_What you have to do_.
Beginning with the line where "Kontorsskrivare Otto Frank, 49" appears, restate each line word for word until the data ends. Pictures do not go in.

_Stored data_.
--------------------------------------------------
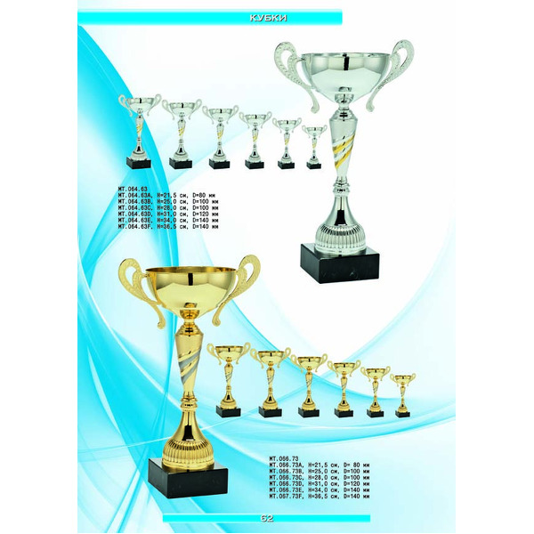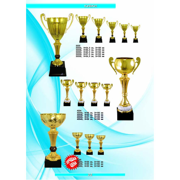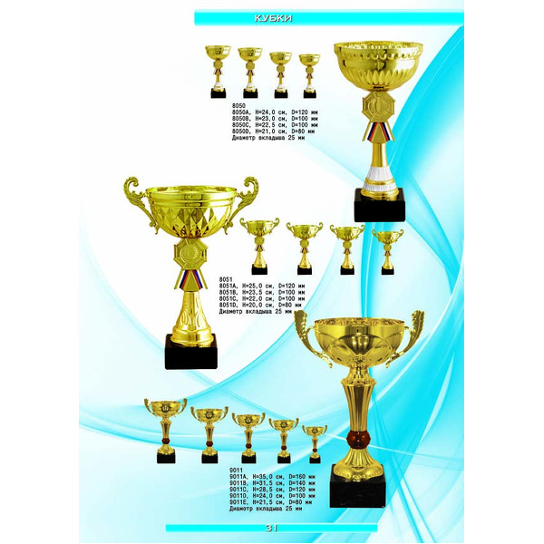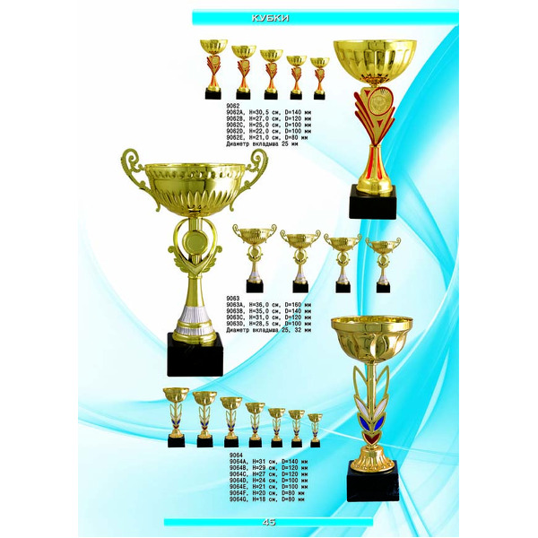 На нашем сайте вам будет удобно подобрать по иллюстрированному каталогу и заказать наградные кубки из металла и пластика, а также другие виды наградной продукции. В ассортименте представлены самые разнообразные по габаритам, форме, цветовой гамме и дизайну кубки, которые можно использовать для награждения победителей в различных соревнованиях, а также в качестве подарочной корпоративной продукции. У нас вы можете не только приобрести кубок, но и заказать нанесение на него различных надписей и изображений с применением технологии гравировки лазерным лучом.
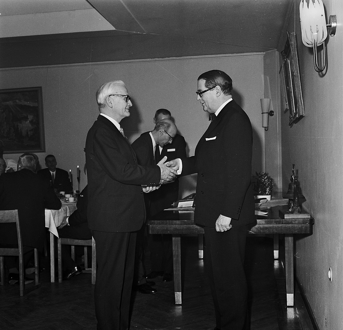 Kontorsskrivare Otto Frank, 49 tjänsteår, avtackas av direktör Stig Bergelin vid pensionärsträffen i december 1967.
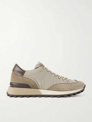 Showcasing casual refinement with a sporty touch, these sneakers from Brunello Cucinelli are crafted from leather and presented in a streamlined silhouette. The lace-up pair is finished with tonal logo tabs at the back.
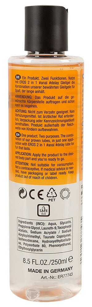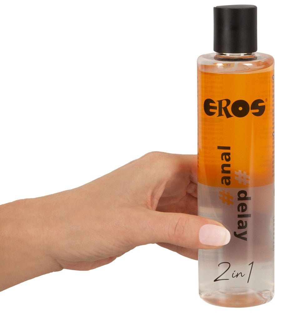 Il lubrificante a base d'acqua 2in1 anal & delay di EROS con Laureth-9 garantisce una perfetta scorrevolezza e una lubrificazione di lunga durata senza perdita di sensibilità. Sicuro per i preservativi in lattice. Inodore e insapore.
--------------------------------------------------
_Output for this task_.
 Kontorsskrivare Otto Frank, 49 tjänsteår, avtackas av direktör Stig Bergelin vid pensionärsträffen i december 1967.
 Showcasing casual refinement with a sporty touch, these sneakers from Brunello Cucinelli are crafted from leather and presented in a streamlined silhouette. The lace-up pair is finished with tonal logo tabs at the back.
 Il lubrificante a base d'acqua 2in1 anal & delay di EROS con Laureth-9 garantisce una perfetta scorrevolezza e una lubrificazione di lunga durata senza perdita di sensibilità. Sicuro per i preservativi in lattice. Inodore e insapore.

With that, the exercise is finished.